Burnout and areas of work-life among anaesthetists in South Africa Part 1: Burnout
Background: Burnout is a psychological syndrome that develops in response to chronic job-related stressors. Its three predominant manifestations are emotional exhaustion, cynicism, and feelings of ineffectiveness and unfulfillment (low efficacy). Our study objectives were to establish the prevalence and severity of burnout among South African anaesthetists and to compare the results with previous studies. We also identified areas of work-life that predispose to burnout and we report these results in a separate paper (Part 2).1
Methods: We e-mailed invitations to 1 852 SASA members, requesting responses to two validated questionnaires, the Maslach Burnout Inventory and the Areas of Worklife Scale. We categorised respondents according to the “Emotional Exhaustion+1” principle, whereby a person is regarded as being clinically burned-out if he/she has a a high score for emotional exhaustion, plus either a high cynicism score or a low efficacy score. High scores for all three dimensions defined “extreme burnout”.

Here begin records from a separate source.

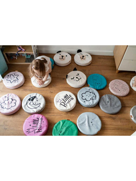 Poduszki białe ekoskóra PIESEK z uszkami 1 szt. 6 cm AKSON   Poduszki o grubości 6 cm to ważny element wyposażenia każdego animatora, przedszkola i szkoły. Idealnie sprawdzi się w każdym dziecięcym pokoju.   Poduszki mają szerokie zastosowanie w pracy z grupą. Idealnie sprawdzą się we wszelkiego rodzaju  zajęciach edukacyjnych i integracyjnych. To doskonałe narzędzie do gier zespołowych w pomieszczeniach jak i w plenerze, umożliwia czerpanie radości płynącej z ruchu i przebywania w grupie. Poduszki wypełnione są wkładem z gąbki, co sprawia że są wygodne a zarazem lekkie i bezpieczne, dzięki czemu mogą nawet spełnić rolę dysku do rzucania!  Materiał: barwny, wytrzymały (EKO SKÓRA) Produkt, dzięki swojej strukturze jest bardzo łatwy do dezynfekcji!   Średnica: 30 cm Wysokość: 6 cm    Wzory do wyboru: PIESEK z uszkami -  oczka otwarte PIESEK z uszkami - oczka zamknięte     Produkt zalecany dla dzieci powyżej 3 miesiąca życia Produkt polski.  Centrum Akson jest producentem chust animacyjnych akson, a także woreczków i szarf gimnastycznych, tuneli animacyjnych, kolorowych piłeczek do suchych basenów i zabaw z chustą i wielu innych akcesoriów edukacyjnych i animacyjnych. Od lat jest też propagatorem Pedagogiki Zabawy i Pedagogiki Cyrku w Polsce i poza granicami kraju. Kupuj najlepsze! Kupuj u źródła!   Cena za sztukę
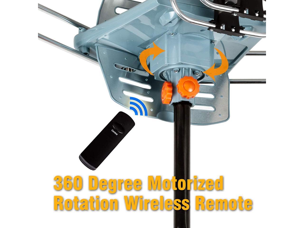 - [360-degree Rotation motor] Built-in Super High Gain and Low Noise Amplifier. LET filter helps remove the interference caused by 4G phone signal. Ensure noise-free digital TV reception. Remote control with the rotation button.
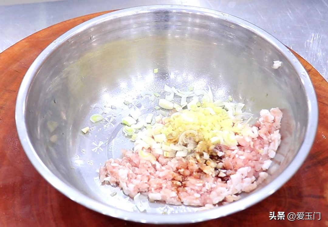 2.准备猪肉一小块,先切成片再剁成肉粒。大葱一段切成葱花。生姜一块切成姜末,和肉馅放在一起,加入食盐1克,胡椒粉1克,生抽5克,用筷子搅匀。胡萝卜一根切成片,摆放在盘中备用。
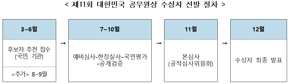 최동석 인사혁신처장은 “국민을 위해 헌신하고 책임감과 창의적인 자세로 묵묵히 자신의 역할을 해온 수상자들에게 깊은 감사와 축하의 인사를 전한다”며 “앞으로도 국민에게 충직하고 유능한 공무원을 적극 발굴해 공직자의 자긍심을 높이고 활력 있는 공직사회를 만들어 가겠다”고 밝혔다.
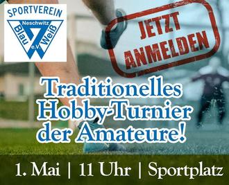 Beteiligen Sie sich am traditionellen Hobby-Fußballturnier am 01. Mai. Wir suchen freiwillige Amateur-Kicker, die bereit sind auf dem Rasen den Feiertag zu begrüßen.
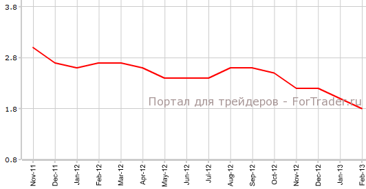 Согласно данным статистического агентства ЕС Eurostat, индекс потребительских цен еврозоны в феврале вырос на 0,4% по сравнению с январем и на 1,8% против аналогичного периода 2012 года. Именно эти значения и прогнозировались экономистами. В январе CPI составлял -1,0% м/м и 1,8% г/г.

Results: 189 public sector and 309 private sector anaesthetists responded. 85% of public sector respondents worked in academic hospitals. Compared to those in private practice, public sector anaesthetists exhibited a greater prevalence and severity of burnout. This was manifested by: (1) more adverse scores for all three burnout dimensions; (2) a greater prevalence of clinically diagnosable burnout (36.5% vs. 14.2%) as well as “extreme burnout” (17.5% vs. 6.5%). Public sector anaesthetists experienced more burnout than in other countries.
Conclusions: The prevalence of burnout is unacceptably high among South African anaesthesia providers, particularly in public hospitals. This poses an immediate threat to both anaesthetists’ mental and physical health and to patient safety. The severity and prevalence in teaching institutions jeopardises the current effectiveness and future sustainability of the South African healthcare system.